2011-11-20 00:17:00 | ノンジャンル
 「沖縄人は日本国民になった以上、政治・経済・教育・文化等々、あらゆる面で他府県に遅れを取ってはならない」
 大正期になると県民の意識は高揚。特に若者たちは“新時代”を手応えよく捉えて、自己啓発に努めた。しかし、人工的には旧王府時代の人びとが少なくはなく、大河の如く押し寄せてくる本土からの波に翻弄されていた。

 ◆大正5年〈1916〉
 □自動車登場。
 5月。那覇西本町の寄留商人経営の大坪商店が移入。琉球新報社はこれを借り受け、本や模型写真でしか自動車を知らない県民のために、これを花で飾り『花自動車』と称して那覇~首里~美里村泡瀬〈現・沖縄市〉~名護町〈現・市〉へ。日を変えて大里村与那原〈現・町〉~糸満町〈現・市〉を走らせた。殊に那覇界隈=久茂地通り~西本町~大門通りを一大パレードしたのは言うまでもない。沿道は言葉通り[黒山の人]で、肝心の花自動車は立ち往生するありさまだった。名護では学校を休校にし、近隣の老若男女も仕事を休み拍手大喝采でこれを迎えた。ちなみに、午前6時30分に那覇を発った花自動車が名護に着いたのは昼前の11時30分。文明の利器のエンジン音に沖縄中が[新時代到来]を実感した。

 ◆大正6年〈1917〉
 □方言札。
 日露戦争後、国家意識を高めるため、全国に「共通語・普通語」に普及運動が明治40年ごろから展開される中、沖縄の学校では「罰札制度」が実施され、方言取り締まりが本格化した。沖縄口を使う者には横1寸〈約3.03㎝〉縦2寸くらいの木札が渡された。ひと言につき1枚の木札は、成績表の行い・品行・行状を評価する『操行点』を2点減ずる厳罰だった。そのため、学校成績よりも操行点による落第者が続出した。
 この罰札制度は地域によって方法は異なったが、方言使用者は学校の黒板に[学年・氏名]を掲示公表する中学校や、罰札を首から吊される小学校もあった。
       
        喜宝院蒐集館蔵

 ※【官選知事時代】
 ◆小田切磐太郎〈おだぎり いわたろう〉。明治2年~昭和20年=1869~1945=。長野県須坂生まれ。*第8代沖縄県知事。
 東京帝国大学独法科卒業。福岡県書記官・栃木県事務官・山口県内務部長・山口県知事を歴任。大正5年4月28日、沖縄県知事に任命されたが赴任していない。と言うのも前任者の大味久五郎は、小田切が山形県書記官の時の部下だったことから、大味の後任は左遷と受取り赴任せず、一週間後に依頼免職となった。とかく問題の多かった大味知事の後任人事に県民は「沖縄県は、地方官吏の塵溜めではないッ」と、政府を批判した。

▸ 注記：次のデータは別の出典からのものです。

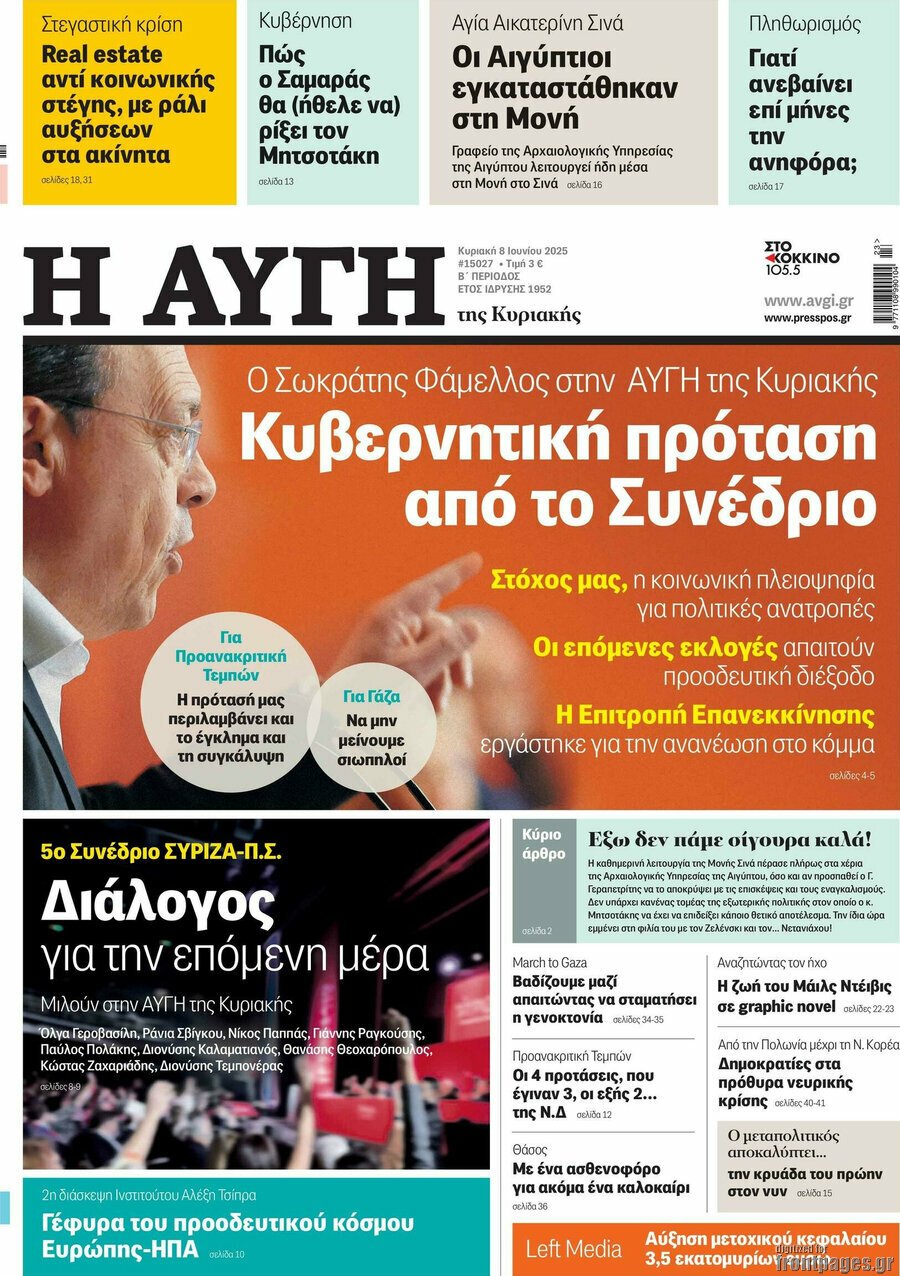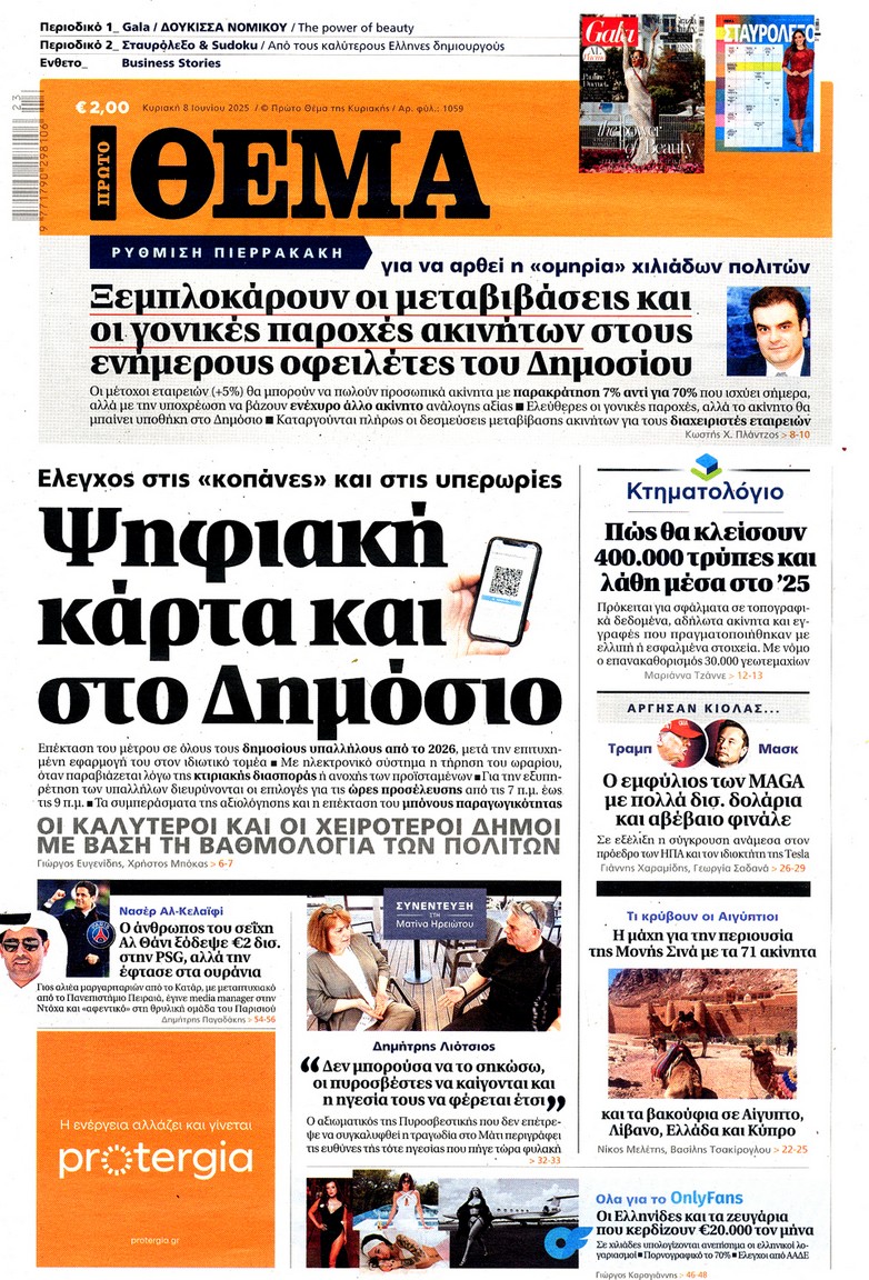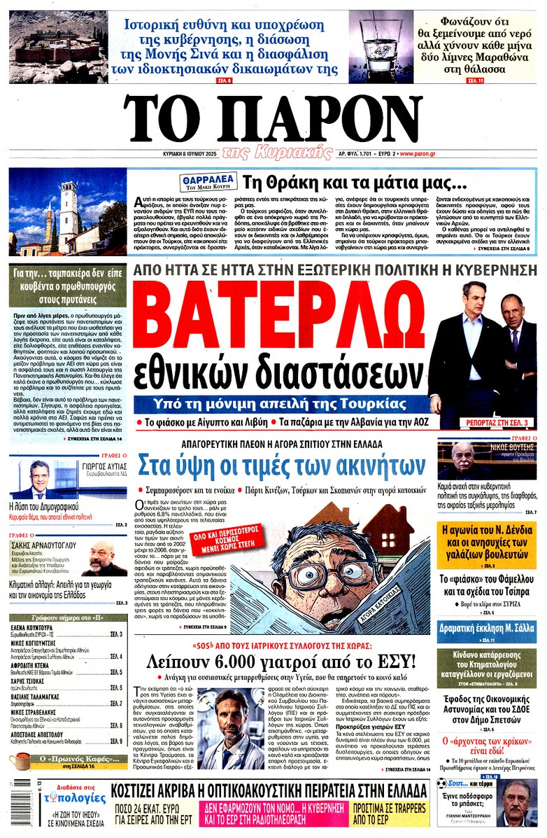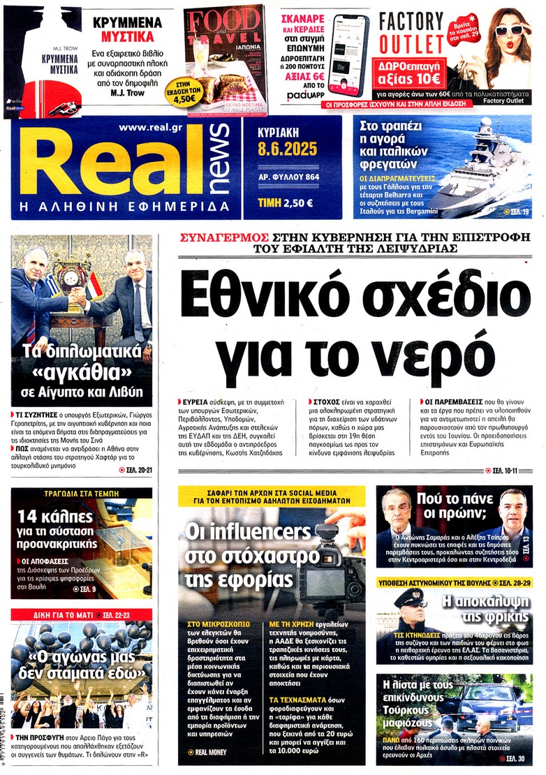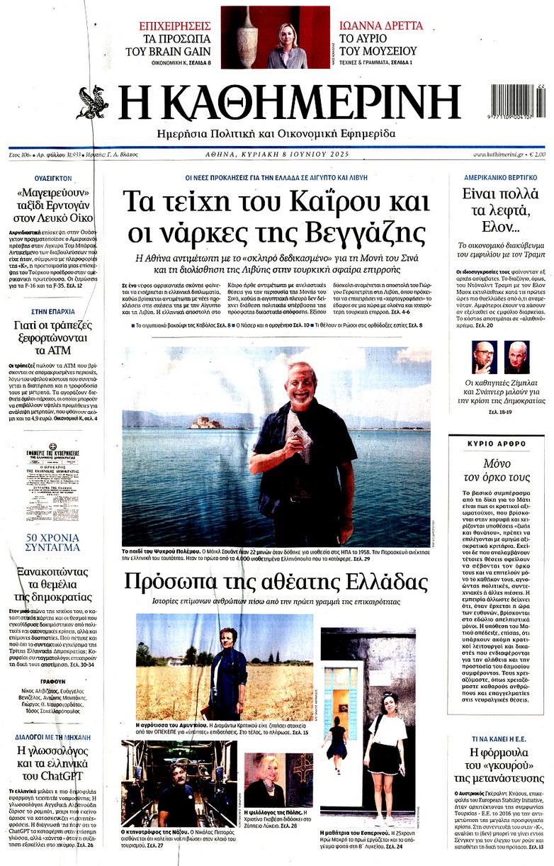 Τα μέτρα που αναμένεται να πάρει η κυβέρνηση για τη διαχείριση των υδάτινων πόρων καθώς η Ελλάδα βρίσκεται στην 19η θέση παγκοσμίως ως προς τον κίνδυνο εμφάνισης λειψυδρίας, οι νέες προκλήσεις για την ελληνική διπλωματία σε Αίγυπτο και Λιβύη μετά τα τελευταία γεγονότα με τη Μονή Σινά και την αλλαγή στάση του στρατηγού Χαφτάρ για το τουρκολιβυκό μνημόνιο και η ψηφιακη κάρτα που θα εφαρμοστεί στο Δημόσιο για να τηρείται το ωράριο όταν παραβιάζεται λόγω της κτιριακής διασποράς ή της ανοχής των προϊσταμένων, ξεχωρίζουν στα πρωτοσέλιδα των κυριακάτικων εφημερίδων.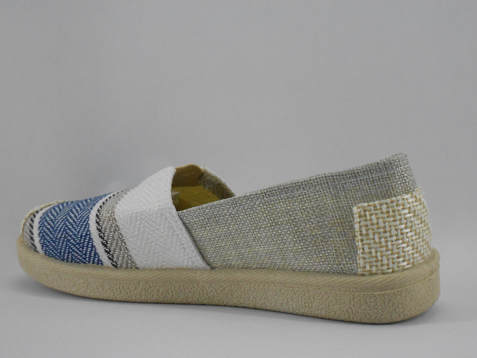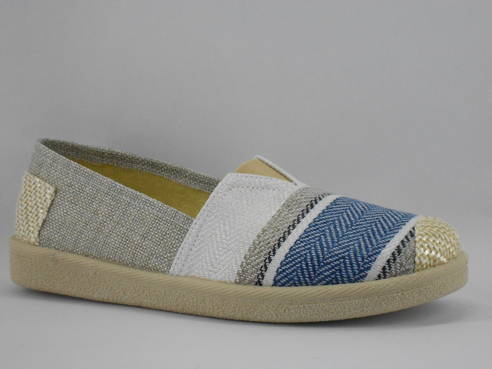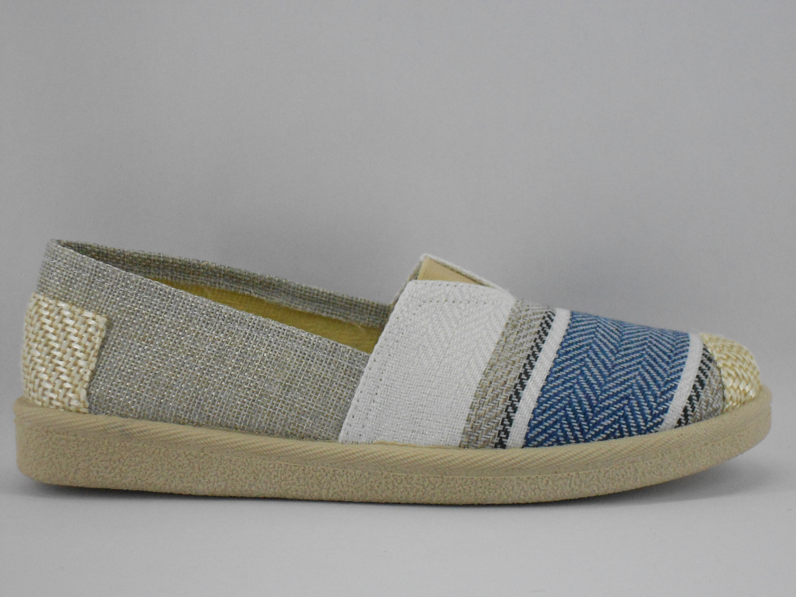 Com um design artesanal e toque moderno, esta alpercata é perfeita para quem procura conforto com um toque de originalidade. Os diferentes padrões e texturas em tons neutros, branco e azul criam um visual descontraído e elegante, ideal para os dias mais quentes.

 ◆鈴木邦義〈すずき くによし〉。明治4年=1871=三重県出身。没年不詳。*第9代沖縄県知事。
 東京帝国大学法科卒業。佐賀・長崎・東京各府県事務官。岐阜県書記官、千葉・滋賀両県の事務官、宮城県・大阪府の内務部長などを歴任。大正5年5月4日、沖縄県知事に任命された。3年間の在任中「模合取締規則」の制定、軽便鉄道補給金59万円余円の獲得に尽力したが、健康に恵まれず休職している。

 ◆川越壮介〈かわごえ そうすけ〉。明治9年~昭和29年=1876~1954=。鹿児島県出身。*第10代沖縄県知事。
 東京帝国大学英法科卒業。内務省警保局を経て岩手県赴ついた後、福島県事務官及び警務部長・香川・奈良・徳島・長崎・福岡各県の警察部長及び内務部長を歴任。大正8年4月18日付けで沖縄県知事になった。在任中県庁舎の移転や沖縄県営鉄道嘉手納線の敷設着工。県に糖業課の設置による糖業振興、水産試験場設置など、産業振興に力を注いだ。大正10年〈1921〉5月27日、徳島県知事に転出した。

 ◆大正6年〈1917〉。
 □タクシー走る。
 名護市出身・山入端隣次郎が米製T型フォード3台を移入して営業。人力車料金が那覇一円10銭だったが、このタクシーは那覇の奥武山入口から、そう遠くはない若狭町まで50銭也。県庁や新聞社でも緊急時に利用する程度で、庶民の及ぶ乗り物ではなかった。

 ◆大正8年〈1919〉。
 □県人女医1号。
 那覇市出身・渡嘉敷繁子は、東京女子医学専門学校に学び、医師国家試験に合格。東京在任中に千原成悟医師と結婚。千原繁子となった彼女は、昭和3年に帰郷して夫君と「千原医院」を開業。なお、それより先に鹿児島県人杏フクは、大正6年に医師資格を得て、那覇市波之上石門通りで父親と共に開業していた。